Sinn Fein won a historic victory in the Northern Ireland Assembly election. The party that was the political wing of the Provisional IRA and banned from broadcasting for six years by the British government is now the largest party at Stormont. For the first time in the history of the ‘Northern Ireland’ state a pro united Ireland party has won more seats than the main Unionist party. After a hundred years of Unionist dominance in government, a nationalist party is now entitled to nominate the First Minister in the new power sharing Executive. However, entitled is not empowered!

In reality the largest Unionist party, the Democratic Unionist Party (DUP), has refused to enter any such Executive thereby collapsing the key institution of the Good Friday Agreement (GFA). The DUP want the Northern Ireland Protocol, the UK/EU agreement which has drawn an economic border down the Irish Sea, to be removed before it will join a new Executive or Assembly. The parties have up to 24 weeks to form a new Executive, failing that another election must be called.

Unionist intransigence

The DUP leader Jeffrey Donaldson says he will accept the election result (sic) but even if he did not have the excuse of the Protocol to sabotage the Executive, the DUP would still have found it humiliating enough to accept a nationalist First Minister. It really does demonstrate the supremacist and bigoted nature of Unionism no less than the northern sectarian state which it has defended for over a century.

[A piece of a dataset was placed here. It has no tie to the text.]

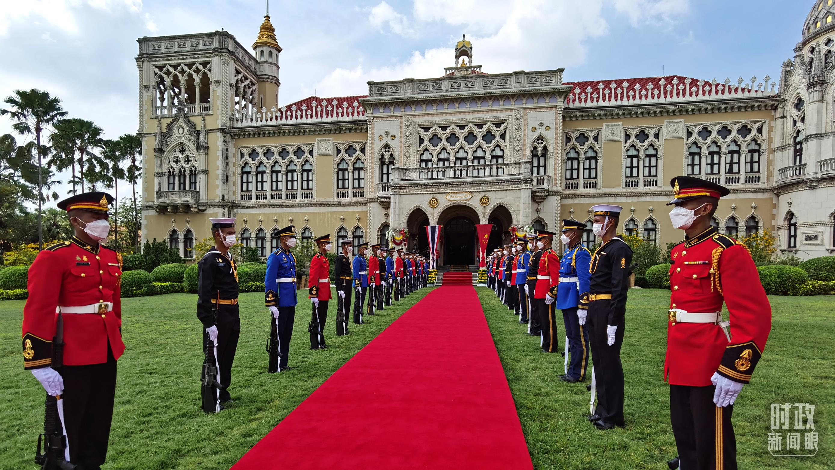 △曼谷總理府前整齊排列的儀仗隊(duì)。(總臺(tái)央視記者郭鴻拍攝)

The northern state can only be understood by Britain’s role in partitioning Ireland in 1921 and creating an arbitrary piece of land with a Unionist majority and calling it ‘Northern Ireland’. The emerging state was built and designed to suppress its nationalist minority, with systematic discrimination and repression which resulted in the fight for Civil Rights in the late 60’s.

Unionism resisted the cry for equal civil rights and responded with more repression with the backing of successive British governments. A full scale mass rebellion by the nationalist minority took place as defence against loyalist pogroms and state repression grew over into an armed struggle to drive out British troops and against partition. Sinn Fein and the IRA led that struggle and its support today is still a legacy of its involvement in that justified resistance.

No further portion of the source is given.